Public concern was recorded as a collective yawn by a poll released July 21, showing that, despite official pleading, only 20 percent of residents surveyed had complied with requests that they check their backyards and neighborhoods for standing water where mosquitoes can breed. About 30 percent told the Rocky Mountain Poll in Phoenix that they had bought products with the mosquito repellent DEET, "but they use it just once or twice and forget about it," Humble said.

After identifying the chief source of the problem in neglected and abandoned swimming pools in Maricopa County, site of most of the West Nile cases, but not winning much public cooperation in cleaning the pools, the state took action. Its department of health authorized mosquito-fighting teams to enter backyards without the absent owners' permission and bomb suspicious pools with insecticides.
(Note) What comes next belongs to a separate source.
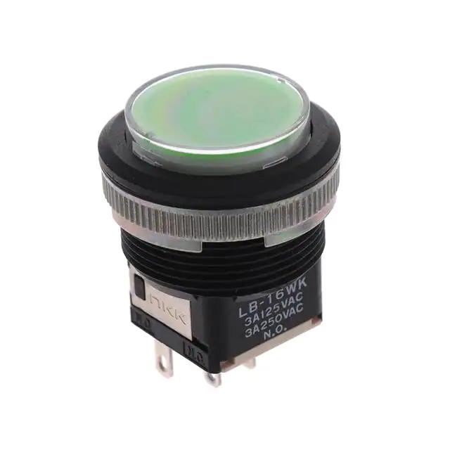 This is manufactured by NKK Switches. The manufacturer part number is LB16WKW01-5F-JF. It is assigned with possible HTSUS value of 8536.50.9033. The product is rohs3 compliant. The product offers long-lasting services of 100,000 cycles. Moreover, it has solder, quick connect - 0.110" (2.8mm) terminal style. 30 v of DC voltage rating. The product has -25°c ~ 50°c operating temperature range. It also has a circular - 22.00mm dia dimensional features. The product also provide mechanical stability with 200,000 cycles. It comes in standard, illuminated configuration. The product exhibits 125 v of AC voltage rating. In addition, it is reach unaffected. It is supplied with led, green illumination. It is shipped in bulk. It is designed as a on-on switching function. Its typical moisture sensitivity level is 1 (unlimited). The actuator marking of the product corelates with no marking. It has an integral spdt circuit. It has a long 26 weeks standard lead time. Additionally, the product's output is 3a (ac/dc) It is IP rated with ip65 - dust tight, water resistant. The product is available in panel mount, front configuration. The product lb, is a highly preferred choice for users. It is made from clear (green filter/diffuser). The product carries round, button actuator. The nominal illumination voltage of the product is 2.1 vdc. Moreover, it corresponds to lb16wkw, a base product number of the product. The product is designated with the ear99 code number

Meanwhile, the county called for backup. It arrived in the form of Gambusia affinis, a guppy that feeds on mosquito larvae. Maricopa officials are giving owners of stagnant swimming pools as many as a dozen specimens of each of this tiny, fast-breeding fish. The guppies devour all the larvae in a green pool within a day, according to Dr. Larry Jech, entomologist for the county, and the mosquitoes are not likely to return. That's because there will be 100,000 more guppies in the pool within a month.

Even with these interventions it is unclear whether health officials, without more help from the public, will stay ahead of the mosquito population.

At any given time, Humble estimates, 5 percent to 10 percent of the swimming pools in Maricopa County are abandoned outright or neglected to the point that they can breed mosquitoes. Even properly drained swimming pools can qualify as neglected in the Arizona summer just by collecting rain from the monsoon thunderstorms that march north into Phoenix from Mexico. The green sludge in these pools can produce from 10,000 to 100,000 adult mosquitoes every day.

That's not a lot compared with the visible swarms of millions of mosquitoes familiar to Easterners, entomologists say. And that is part of the problem. In the desert, there are too few mosquitoes to swarm human prey. They approach solo or in pairs, largely unnoticed until they bite. Keeping the public mindful of the mosquito danger "is kind of hard when you don't see them," Humble said.

But although the total number of mosquitoes in central Arizona is low, the rate of infection per mosquito is high.

Jech offered a comparison between Arizona, now in the outbreak's second season, which epidemiologists regard as usually the worst, and Colorado.

In the Rocky Mountain state in its second year, one of every 150 mosquitoes carried the virus. In Arizona now, Jech said, it's one mosquito in 10.

Two people have died from the West Nile virus in Arizona this year. About 80 percent of those who are bitten by an infected mosquito will not notice adverse effects. But the other 20 percent can suffer greatly from inflammation of the brain (encephalitis) or the membrane around the brain (meningitis).

Many of those who suffer most are older than 60, but not all. Former Phoenix mayor Paul Johnson, once known as "the boy mayor" for looking like the juvenile lead in a movie and even now barely past the threshold of middle age, came down with a rash, backache, headache, and other unpleasant symptoms before he was diagnosed with the West Nile virus. "To be honest," he told The Arizona Republic, "I thought since I had just turned 45, I was falling apart. I felt like there was a crowbar in the head splitting it open."